Un déploiement du réseau 5G progressif

Le 1er octobre dernier, Orange avait obtenu, lors des enchères, la plus grande part des blocs de fréquences en jeu, avec 90 MHz de spectre. Ce déploiement se concentre majoritairement sur les nouvelles fréquences 3.5GHz qui apportent des débits jusqu’à 3 à 4 fois plus rapides que la 4G et pourra être complété par l’utilisation de fréquences 2.1 GHz(*)
L’opérateur a choisi de couvrir dans un premier temps les zones déjà fortement sollicitées afin d’éviter tout risque de saturation. En effet, entre Septembre 2019 et Septembre 2020, les usages data sur le parc Orange et Sosh ont augmenté de 40% entrainant un risque de saturation des réseaux actuels d’ici 2022. C’est pourquoi l’utilisation de ces nouvelles fréquences 5G est, selon Orange, la meilleure réponse pour l’avenir.
L’opérateur poursuit ses efforts en parallèle dans le déploiement de la 4G, avec un objectif de basculer 100% des sites Orange en 4G d’ici la fin de l’année 2020.

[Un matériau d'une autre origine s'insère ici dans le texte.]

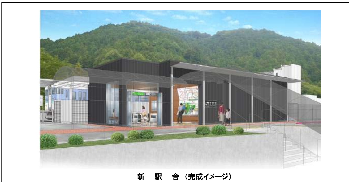
新 駅 舎 (完成イメージ)
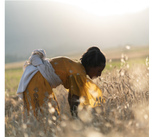
السرد المرئي للقصص (استخدام الرسومات والصور ومقاطع الفيديو)
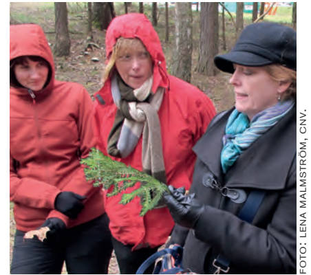
I EN INTRODUKTIONSÖVNING BERÄTTAR DELTAGARNA OM SIG SJÄLVA UTIFRÅN ETT FÖREMÅL DE HÄMTAT I LANDSKAPET. CNV:S KURS "DIALOG FÖR LANDSKAP", 2015.

I början av er tid tillsammans – oavsett om den är lång eller kort och om ni ses bara en gång eller flera – är det viktigt att alla får säga något. Ett sätt att göra det som också omedelbart tar in landskapet i samtalet är att be alla hämta något i omgivningen som de tycker säger något om dem själva, eller om landskapet. Om man vill kan man ge ganska gott om tid till denna hämtning, du kan be människor ta sin tid för att släppa allt de har i huvudet och bara ta in landskapet en stund. På din signal samlas ni sedan och alla säger något om sig själva och det de hämtat. Om ni är många kan du behöva begränsa tiden deltagarna har till sitt förfogande. Är ni riktigt många kanske det bara blir två ord per person. Du kan också dela upp deltagarna i grupper om 4-5 som presenterar sig inbördes.

‘’Le déploiement se fera de manière progressive et dans un dialogue constructif avec l’ensemble des collectivités locales, en parallèle de nos efforts pour élargir la couverture du territoire français en 4G’’ précise dans un communiqué Stéphane Richard, président directeur Général du Groupe. ‘’En tant qu’opérateur responsable, Orange a à cœur d’offrir le meilleur à ses clients pour répondre à leurs besoins croissants en matière de connectivité, grâce à une technologie plus performante mais aussi plus efficace d’un point de vue énergétique.’’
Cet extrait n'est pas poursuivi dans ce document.